_Aim of the exercise_
Every record below must be written out exactly. Leave out the pictures.

_Records for processing_
------------------------

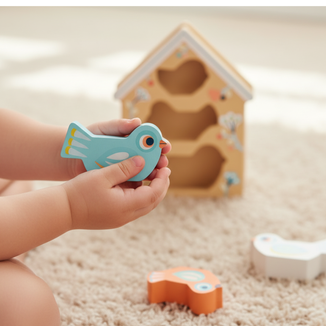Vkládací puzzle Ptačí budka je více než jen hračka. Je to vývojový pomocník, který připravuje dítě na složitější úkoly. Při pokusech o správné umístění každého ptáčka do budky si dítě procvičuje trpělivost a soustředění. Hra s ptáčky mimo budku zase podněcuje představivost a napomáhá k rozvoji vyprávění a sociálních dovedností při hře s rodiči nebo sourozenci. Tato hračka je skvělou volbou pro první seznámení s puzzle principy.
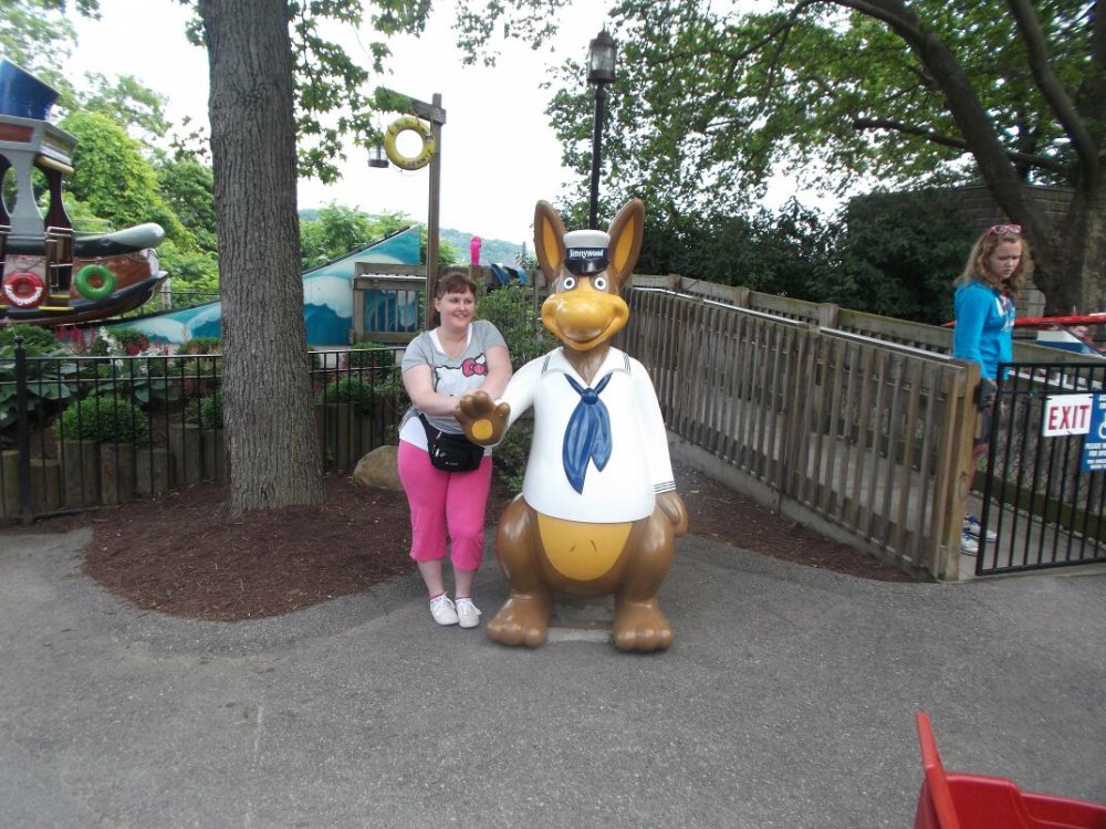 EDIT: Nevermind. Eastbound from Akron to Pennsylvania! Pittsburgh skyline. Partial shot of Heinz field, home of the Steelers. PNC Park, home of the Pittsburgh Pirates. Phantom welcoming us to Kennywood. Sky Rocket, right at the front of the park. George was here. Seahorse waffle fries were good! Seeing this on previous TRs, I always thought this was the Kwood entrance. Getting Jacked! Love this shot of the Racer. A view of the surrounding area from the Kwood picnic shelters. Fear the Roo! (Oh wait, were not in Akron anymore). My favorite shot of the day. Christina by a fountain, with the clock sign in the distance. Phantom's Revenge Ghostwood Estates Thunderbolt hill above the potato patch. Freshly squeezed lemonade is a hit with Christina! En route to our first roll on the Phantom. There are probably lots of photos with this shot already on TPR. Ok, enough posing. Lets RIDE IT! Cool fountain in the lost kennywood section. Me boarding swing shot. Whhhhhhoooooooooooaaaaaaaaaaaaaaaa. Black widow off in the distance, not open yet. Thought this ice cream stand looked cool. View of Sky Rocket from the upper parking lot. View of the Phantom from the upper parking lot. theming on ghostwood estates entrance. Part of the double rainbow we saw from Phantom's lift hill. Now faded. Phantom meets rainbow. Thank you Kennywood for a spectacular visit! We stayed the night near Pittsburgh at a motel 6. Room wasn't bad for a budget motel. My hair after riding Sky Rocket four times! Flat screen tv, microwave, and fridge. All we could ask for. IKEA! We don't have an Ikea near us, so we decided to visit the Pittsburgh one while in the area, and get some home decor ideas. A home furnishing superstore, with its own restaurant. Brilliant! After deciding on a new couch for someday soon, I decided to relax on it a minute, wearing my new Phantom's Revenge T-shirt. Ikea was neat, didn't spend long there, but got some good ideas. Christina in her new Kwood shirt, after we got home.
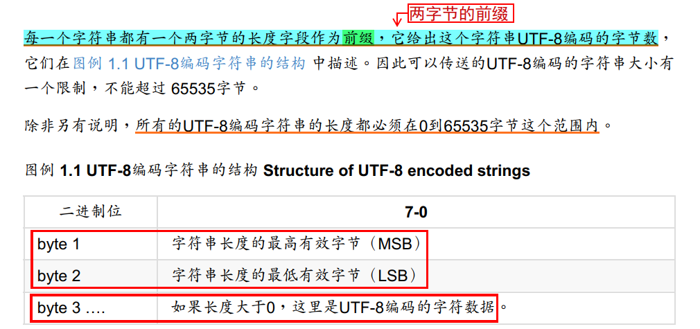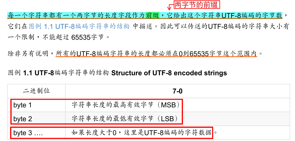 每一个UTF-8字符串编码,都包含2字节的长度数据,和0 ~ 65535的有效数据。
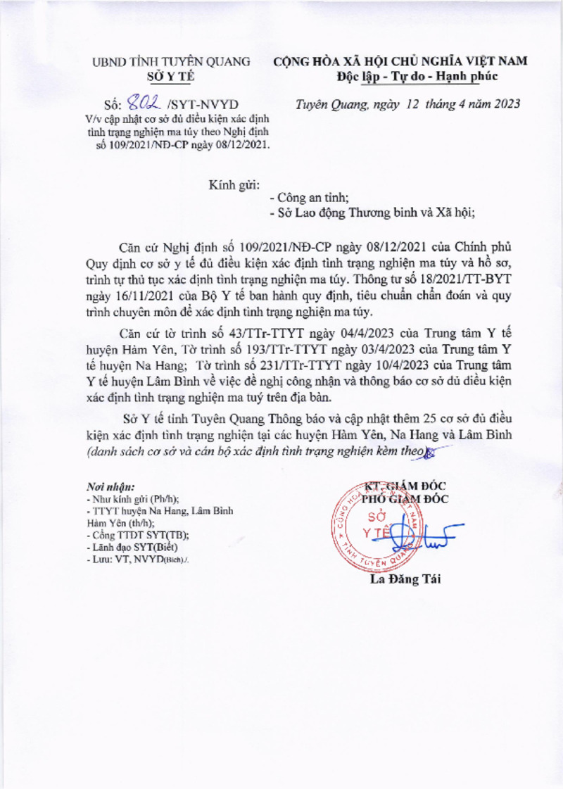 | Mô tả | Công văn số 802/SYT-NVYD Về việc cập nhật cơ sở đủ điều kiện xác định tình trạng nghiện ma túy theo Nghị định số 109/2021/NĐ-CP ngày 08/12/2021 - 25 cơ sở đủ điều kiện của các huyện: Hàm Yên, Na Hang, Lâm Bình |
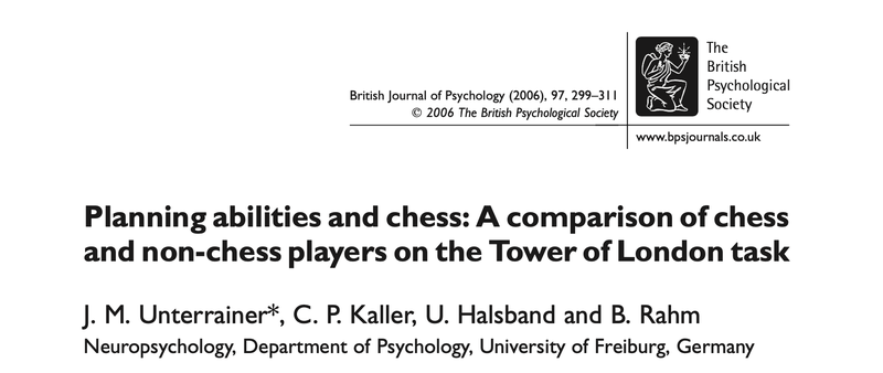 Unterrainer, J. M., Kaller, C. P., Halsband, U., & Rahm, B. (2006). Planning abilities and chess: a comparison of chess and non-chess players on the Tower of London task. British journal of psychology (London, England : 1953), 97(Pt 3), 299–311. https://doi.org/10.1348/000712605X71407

------------------------

_Task result_
Vkládací puzzle Ptačí budka je více než jen hračka. Je to vývojový pomocník, který připravuje dítě na složitější úkoly. Při pokusech o správné umístění každého ptáčka do budky si dítě procvičuje trpělivost a soustředění. Hra s ptáčky mimo budku zase podněcuje představivost a napomáhá k rozvoji vyprávění a sociálních dovedností při hře s rodiči nebo sourozenci. Tato hračka je skvělou volbou pro první seznámení s puzzle principy.
 EDIT: Nevermind. Eastbound from Akron to Pennsylvania! Pittsburgh skyline. Partial shot of Heinz field, home of the Steelers. PNC Park, home of the Pittsburgh Pirates. Phantom welcoming us to Kennywood. Sky Rocket, right at the front of the park. George was here. Seahorse waffle fries were good! Seeing this on previous TRs, I always thought this was the Kwood entrance. Getting Jacked! Love this shot of the Racer. A view of the surrounding area from the Kwood picnic shelters. Fear the Roo! (Oh wait, were not in Akron anymore). My favorite shot of the day. Christina by a fountain, with the clock sign in the distance. Phantom's Revenge Ghostwood Estates Thunderbolt hill above the potato patch. Freshly squeezed lemonade is a hit with Christina! En route to our first roll on the Phantom. There are probably lots of photos with this shot already on TPR. Ok, enough posing. Lets RIDE IT! Cool fountain in the lost kennywood section. Me boarding swing shot. Whhhhhhoooooooooooaaaaaaaaaaaaaaaa. Black widow off in the distance, not open yet. Thought this ice cream stand looked cool. View of Sky Rocket from the upper parking lot. View of the Phantom from the upper parking lot. theming on ghostwood estates entrance. Part of the double rainbow we saw from Phantom's lift hill. Now faded. Phantom meets rainbow. Thank you Kennywood for a spectacular visit! We stayed the night near Pittsburgh at a motel 6. Room wasn't bad for a budget motel. My hair after riding Sky Rocket four times! Flat screen tv, microwave, and fridge. All we could ask for. IKEA! We don't have an Ikea near us, so we decided to visit the Pittsburgh one while in the area, and get some home decor ideas. A home furnishing superstore, with its own restaurant. Brilliant! After deciding on a new couch for someday soon, I decided to relax on it a minute, wearing my new Phantom's Revenge T-shirt. Ikea was neat, didn't spend long there, but got some good ideas. Christina in her new Kwood shirt, after we got home.
 每一个UTF-8字符串编码,都包含2字节的长度数据,和0 ~ 65535的有效数据。
 | Mô tả | Công văn số 802/SYT-NVYD Về việc cập nhật cơ sở đủ điều kiện xác định tình trạng nghiện ma túy theo Nghị định số 109/2021/NĐ-CP ngày 08/12/2021 - 25 cơ sở đủ điều kiện của các huyện: Hàm Yên, Na Hang, Lâm Bình |
 Unterrainer, J. M., Kaller, C. P., Halsband, U., & Rahm, B. (2006). Planning abilities and chess: a comparison of chess and non-chess players on the Tower of London task. British journal of psychology (London, England : 1953), 97(Pt 3), 299–311. https://doi.org/10.1348/000712605X71407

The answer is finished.